Task to complete: Quote word for word the lines below, beginning with the first and ending with the one that has "not pink. It’s". Drop the pictures.

Exercise materials:
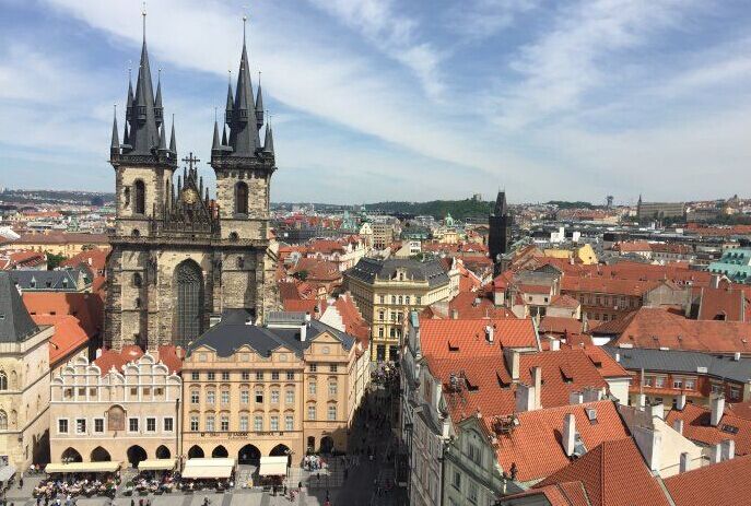 13:00游覽老城廣場(約40分鐘):古天文鐘、胡斯塑像、蒂恩教堂;參觀erpet水晶店。
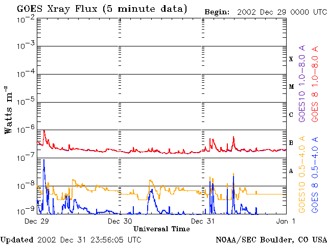 The operational data in the graph above has been modified to remove the scaling factor that has been applied by the Space Weather Prediction Center (SWPC). Because of the SWPC scaling factor in the operational data, flare indices for the operational data were reported as 42% smaller than for the science quality data. The scaling factor has also been removed from the solar flare list to reflect the true physical units.
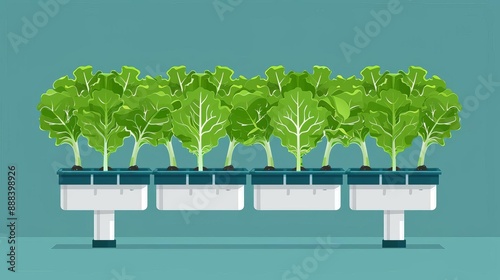 Illustration of a hydroponic system with leafy green plants, showcasing modern sustainable agriculture and advanced farming techniques.
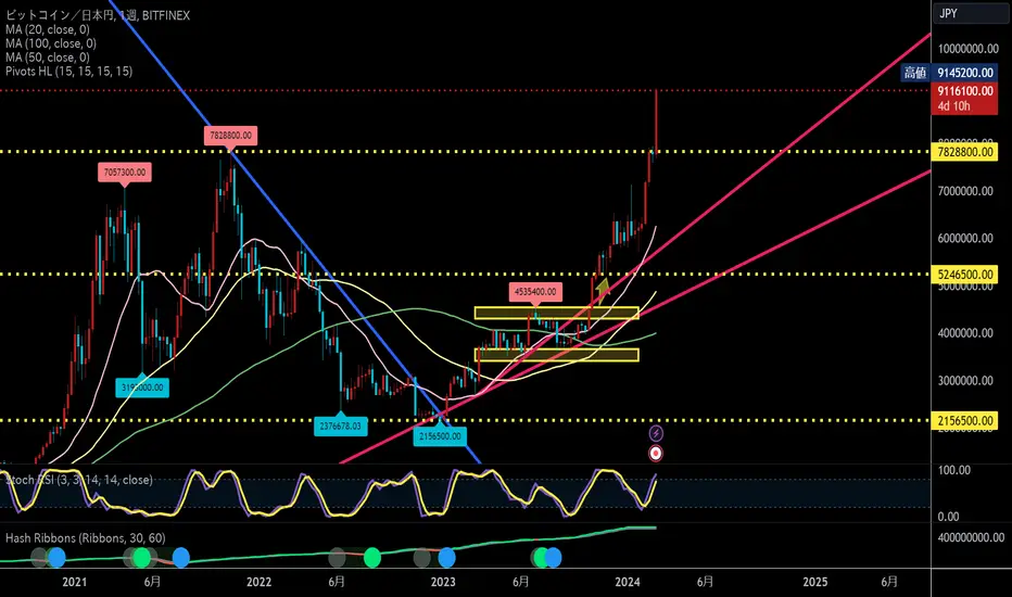 2021年の史上最高値をなんなく更新してからは強さ止まらず!900万円台に軽く乗せてきたビットコイン★700万・600万がサポートになりそうな感じである。サイクル理論やETFの件など過熱してると思っていたがボラティリティの高さに驚かされる。もはや売る理由は今は見つからない。
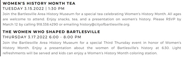 In January, The Council approved Contract and Terms and Conditions between the Bartlesville Area History Museum/City of Bartlesville and the Oklahoma Department of Libraries for ARPA grant funds in the amount of $4,555.00 for the purchase of equipment, software and fees for traveling exhibits.
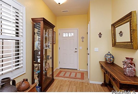 Excellent value in highly sought after "Gardens" gated/senior community in Prescott! Features 3/bed/2bath/2gar, Open/Bright floor plan, Gas Fireplace,Oak Cabinetry w/pullouts, Island, Plantation Shutters, Solar tubes, front & rear Security Screen Doors, Sun Screens, Ceiling Fans, SouthWest Paint Decor & has 12" tile/Woodlike Vinyl flooring. Has spacious Master w/Walk~In Closet, Separate Tub/Shower, & Executive Height Ctr Tops. Low Maintenance Landscaping, Privacy Fenced, & Flat/Level Drive!!
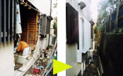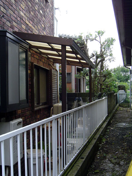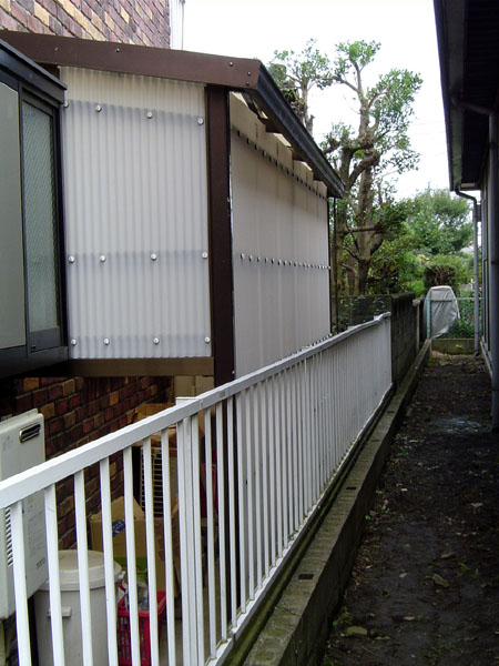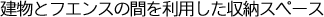フェンスと建物の間のちょっとした空間を有効活用して収納スペースを作りました。
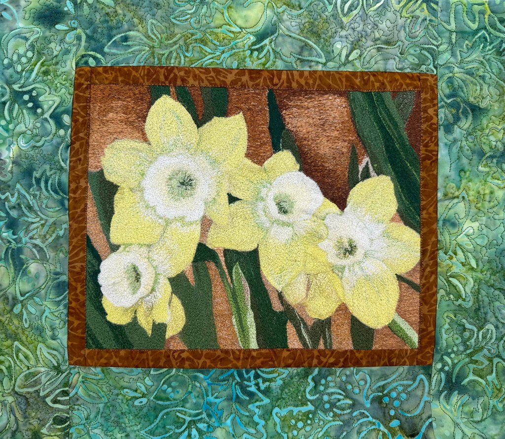 Thread painting on inkjet printed cotton fabric with mostly Aurifil threads; Steam-a-Seam 2, cotton batting and backing.
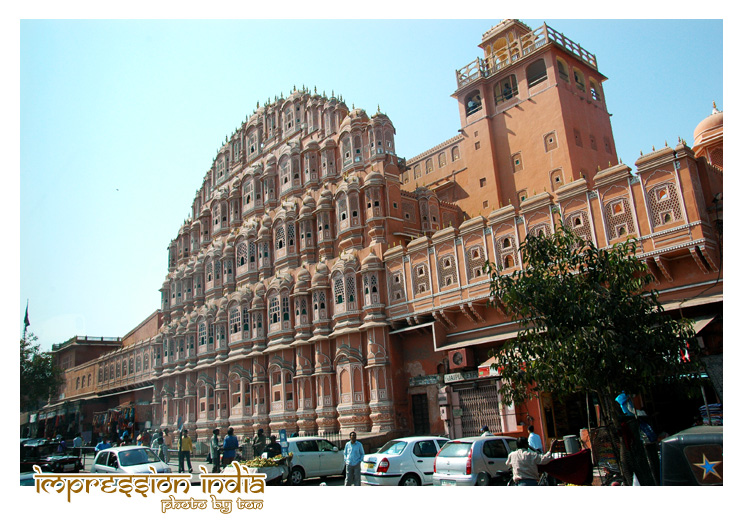 พวกเราเดินตามดร.อาเจ๊ดเพื่อไปเข้าพระราชวังแห่งสายลมด้านหลัง ใครจะไปรู้ฟะว่าเข้าด้านหลัง เดินเข้าไปแล้วไต่ทางลาดขึ้นชั้นบนไปเรื่อยๆ โผล่หน้าชมเมืองแสร้งว่าเป็นอีหนูมหาราชากันครึกครื้น วิวด้านบนมองลงมาเห็นตึกตามแนวถนนที่สร้างด้วยหินทรายสีส้มแดงแล้วแกล้งถาม อาเจ๊ดว่า “where is pink city?” อาเจ๊ดชี้ไปที่เมืองบอกว่า “here!!” เราทำคิ้วขมวดพร้อมขึ้นเสียงสูงถามกลับว่า “where?” พร้อมส่ายหัวแสดงความไม่เห็นด้วย “It’s not pink. It’s orange.” อาเจ๊ดกรอกตาส่ายหัวด็อกแด็กพร้อมตอบแบบเลี่ยงๆว่า ก็ไม่เชิงชมพูหวานแหววหรอกจ้ะ ก็เป็นชมพูอมส้มไง มองให้เป็นชมพูซิจ๊ะ ฮา…..ขี้เกียจเถียงต่อ ส้มชัดๆเรียกว่าพิงค์ได้ไง แถมพี่แขกยังออกเสียงว่า ปิ๊ง ซะอีก ฟังดูเก๋ไก๋ไปเลย “ปิ๊งซิตี้”
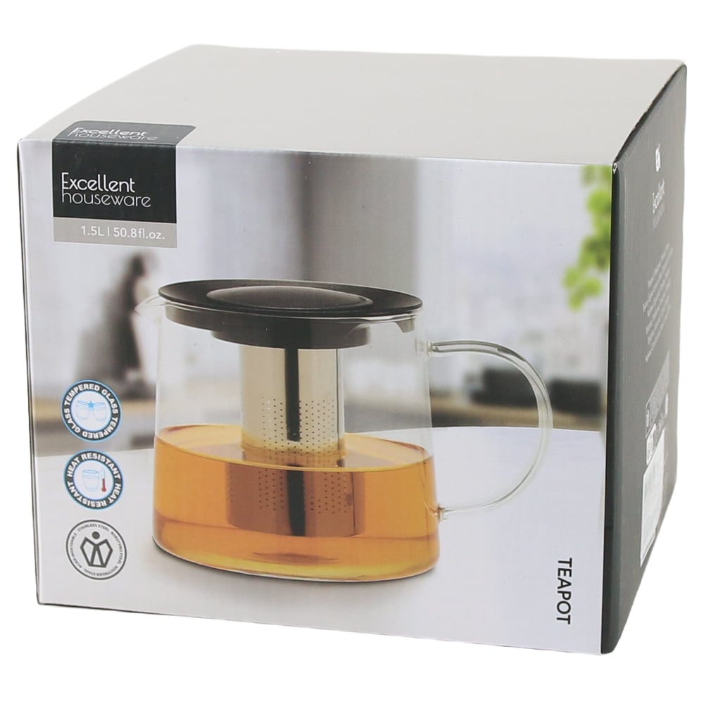 Ceainic din sticla cu infuzor si capac 1.5 L, Excellent Houseware
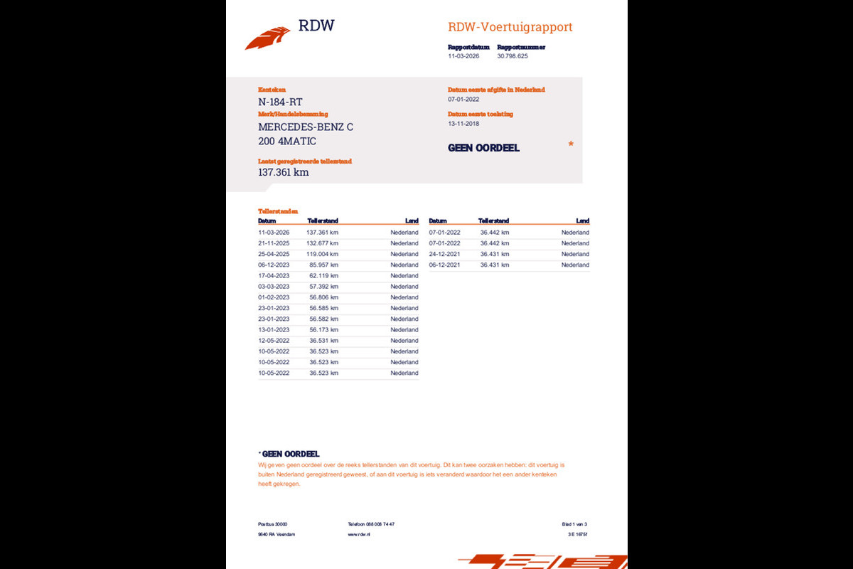 In zeer nette staat verkerende Mercedes-Benz C-klasse Estate 200 4MATIC Advantage Pack uit 2018 met slechts 137.364 km op de teller (met Nationale Autopas).
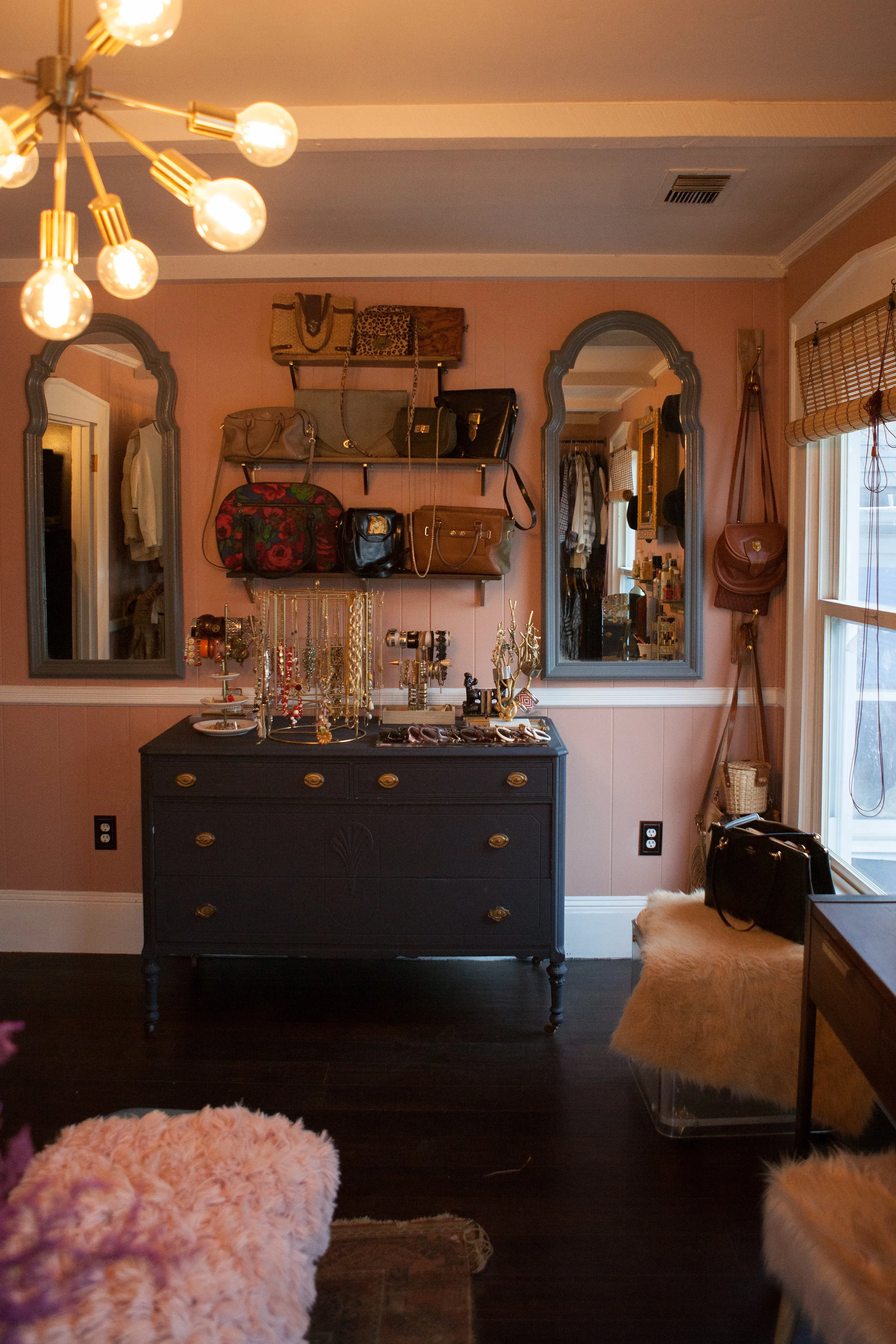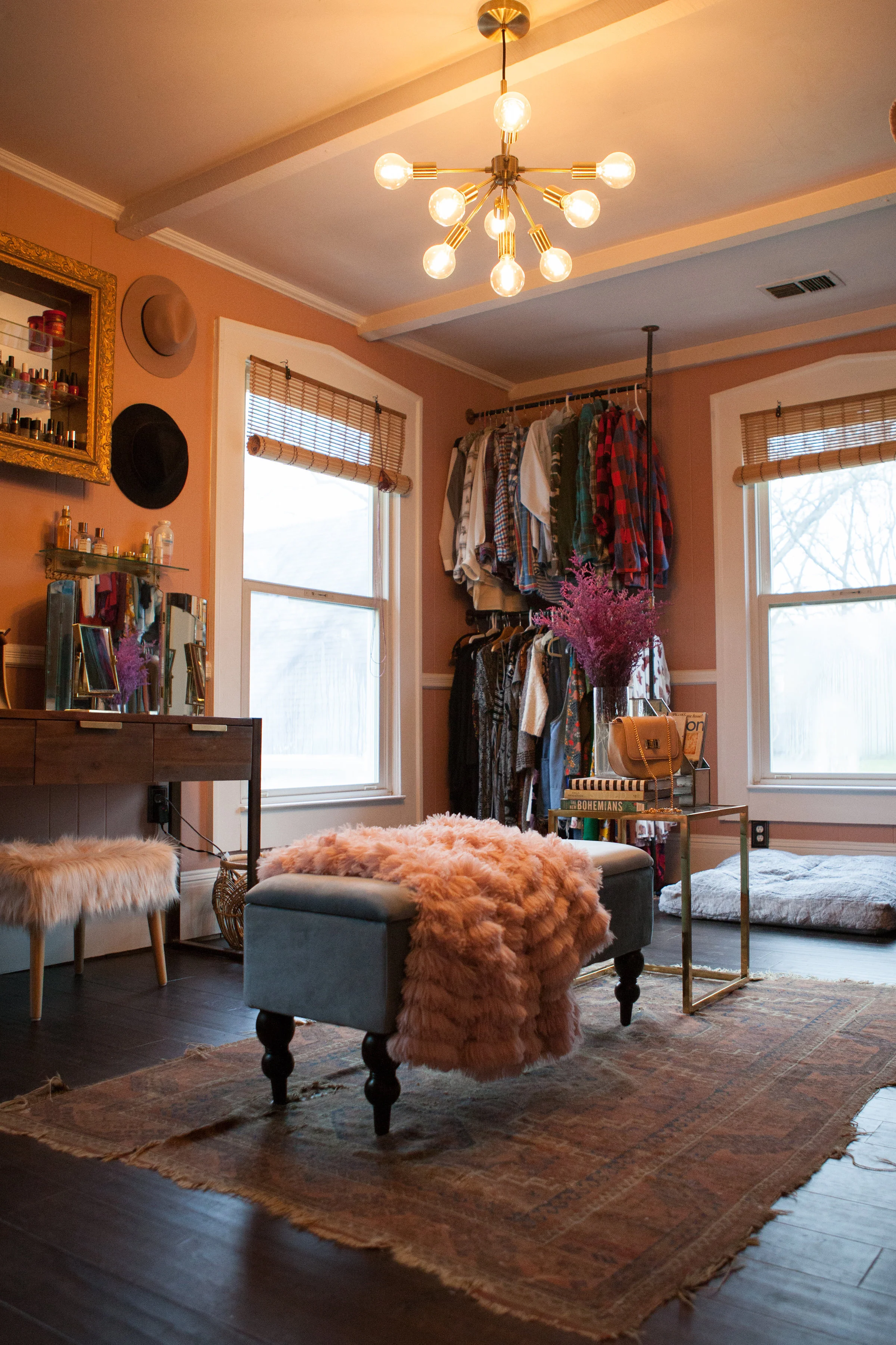 My latest focus at the house has been finally finishing up my dressing room! This space was not at all a priority when we first moved in and kind of became a hodge podge of temporary fixtures and furniture. We painted the walls (Art Deco Pink by Behr), put down the new laminate flooring (from Lumber Liquidators), and changed the light fixture during our renovation but besides that, not much decorating had happened in here until recently. You can see more before photos + my original plans for this space here.
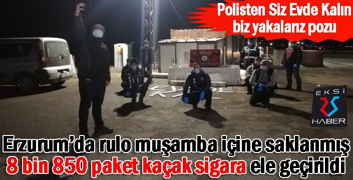 EKSİ25HABER / ERZURUM - Erzurum’da polis kontrol noktasında durdurulan bir Tırda rulo halde sarılmış olan muşambaların içerisinde piyasa değeri 116 bin 750 lira olan 8 bin 850 paket kaçak sigara yakalandı. Polis ekipleri ele geçirdikleri sigaralarla “Evde Kal” yazarak öz çekim yaptı.
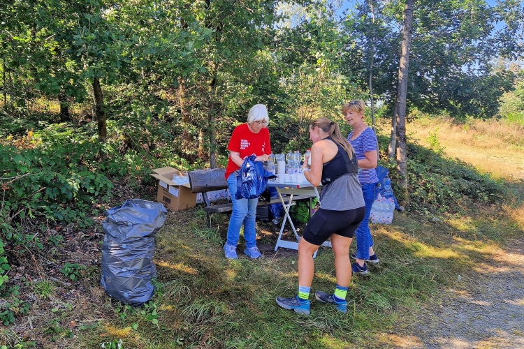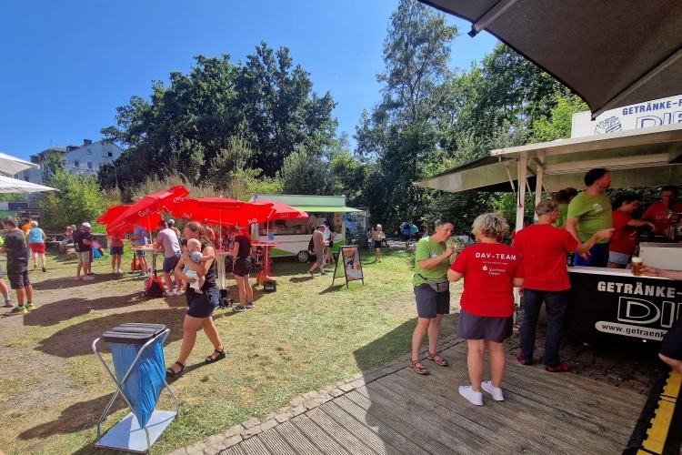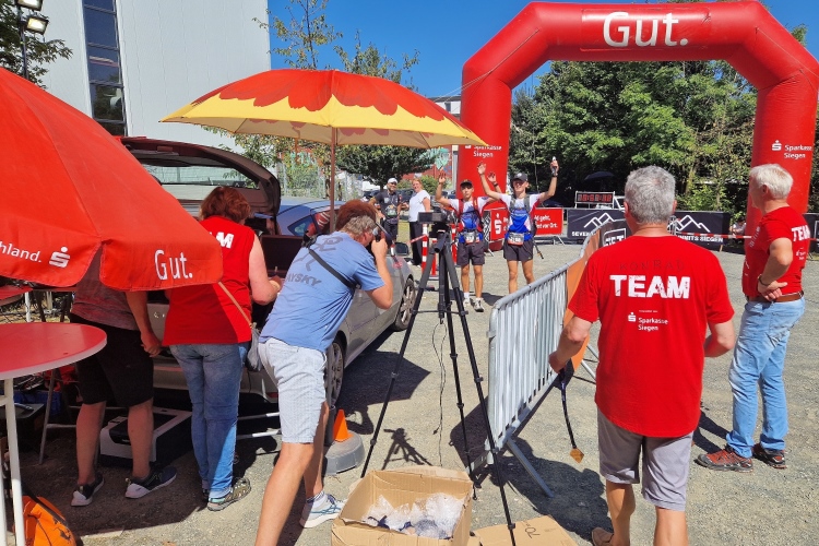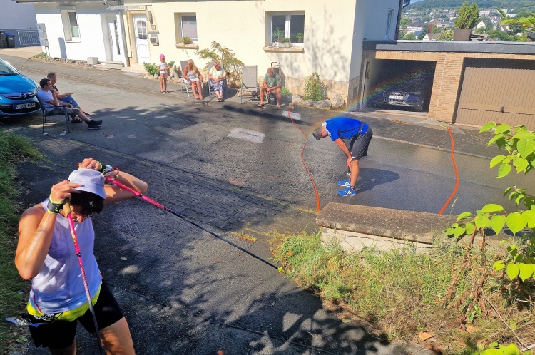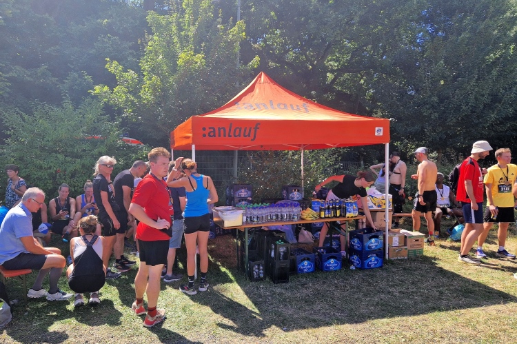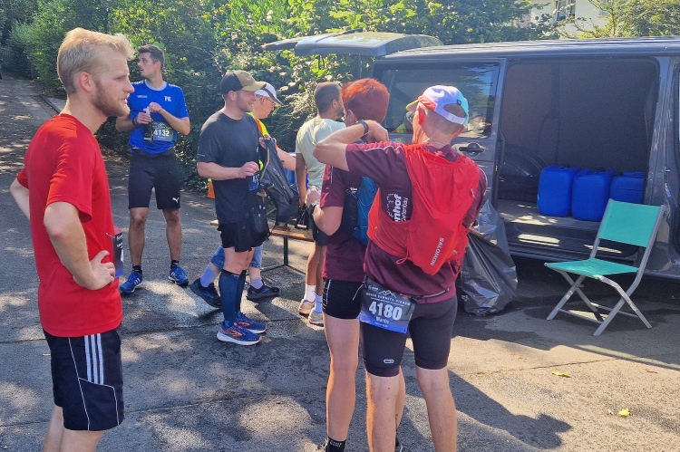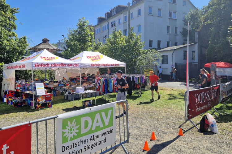Der Lauf ist wirklich sehr professional aufgesetzt, vom Veranstalter :anlauf Siegen und der DAV Sektion Siegerland. Alpenverein hört sich immer gut an. Es sind reichlich Sponsoren dabei und daher jede Menge Rahmenprogramm. Für den Start bezahle ich 49 Euro, wovon 9 Euro als Spende an den DAV und die Waldgenossenschaften gehen, 5 Euro kommen als Verzehrgutschein zurück (für mich ein sehr leckeres Schnitzelbrötchen), und es gibt ein Dose Gewürz für das Frühstücksmüsli. Und natürlich die sieben Verpflegungsstationen, und, weil es warm wird, drei weitere Stationen mit Wasser. Gut gemacht - für das, was geboten wird, ist das nicht zu viel. Zusätzlich kann man ein wirklich schickes Finisher-Shirt bestellen wenn man möchte, in Bio-Baumwolle oder Recycling-Funktionsmaterial, also wirklich hochklassig.

Finished task:
 13:00游覽老城廣場(約40分鐘):古天文鐘、胡斯塑像、蒂恩教堂;參觀erpet水晶店。
 The operational data in the graph above has been modified to remove the scaling factor that has been applied by the Space Weather Prediction Center (SWPC). Because of the SWPC scaling factor in the operational data, flare indices for the operational data were reported as 42% smaller than for the science quality data. The scaling factor has also been removed from the solar flare list to reflect the true physical units.
 Illustration of a hydroponic system with leafy green plants, showcasing modern sustainable agriculture and advanced farming techniques.
 2021年の史上最高値をなんなく更新してからは強さ止まらず!900万円台に軽く乗せてきたビットコイン★700万・600万がサポートになりそうな感じである。サイクル理論やETFの件など過熱してると思っていたがボラティリティの高さに驚かされる。もはや売る理由は今は見つからない。
 In January, The Council approved Contract and Terms and Conditions between the Bartlesville Area History Museum/City of Bartlesville and the Oklahoma Department of Libraries for ARPA grant funds in the amount of $4,555.00 for the purchase of equipment, software and fees for traveling exhibits.
 Excellent value in highly sought after "Gardens" gated/senior community in Prescott! Features 3/bed/2bath/2gar, Open/Bright floor plan, Gas Fireplace,Oak Cabinetry w/pullouts, Island, Plantation Shutters, Solar tubes, front & rear Security Screen Doors, Sun Screens, Ceiling Fans, SouthWest Paint Decor & has 12" tile/Woodlike Vinyl flooring. Has spacious Master w/Walk~In Closet, Separate Tub/Shower, & Executive Height Ctr Tops. Low Maintenance Landscaping, Privacy Fenced, & Flat/Level Drive!!
フェンスと建物の間のちょっとした空間を有効活用して収納スペースを作りました。
 Thread painting on inkjet printed cotton fabric with mostly Aurifil threads; Steam-a-Seam 2, cotton batting and backing.
 พวกเราเดินตามดร.อาเจ๊ดเพื่อไปเข้าพระราชวังแห่งสายลมด้านหลัง ใครจะไปรู้ฟะว่าเข้าด้านหลัง เดินเข้าไปแล้วไต่ทางลาดขึ้นชั้นบนไปเรื่อยๆ โผล่หน้าชมเมืองแสร้งว่าเป็นอีหนูมหาราชากันครึกครื้น วิวด้านบนมองลงมาเห็นตึกตามแนวถนนที่สร้างด้วยหินทรายสีส้มแดงแล้วแกล้งถาม อาเจ๊ดว่า “where is pink city?” อาเจ๊ดชี้ไปที่เมืองบอกว่า “here!!” เราทำคิ้วขมวดพร้อมขึ้นเสียงสูงถามกลับว่า “where?” พร้อมส่ายหัวแสดงความไม่เห็นด้วย “It’s not pink. It’s orange.” อาเจ๊ดกรอกตาส่ายหัวด็อกแด็กพร้อมตอบแบบเลี่ยงๆว่า ก็ไม่เชิงชมพูหวานแหววหรอกจ้ะ ก็เป็นชมพูอมส้มไง มองให้เป็นชมพูซิจ๊ะ ฮา…..ขี้เกียจเถียงต่อ ส้มชัดๆเรียกว่าพิงค์ได้ไง แถมพี่แขกยังออกเสียงว่า ปิ๊ง ซะอีก ฟังดูเก๋ไก๋ไปเลย “ปิ๊งซิตี้”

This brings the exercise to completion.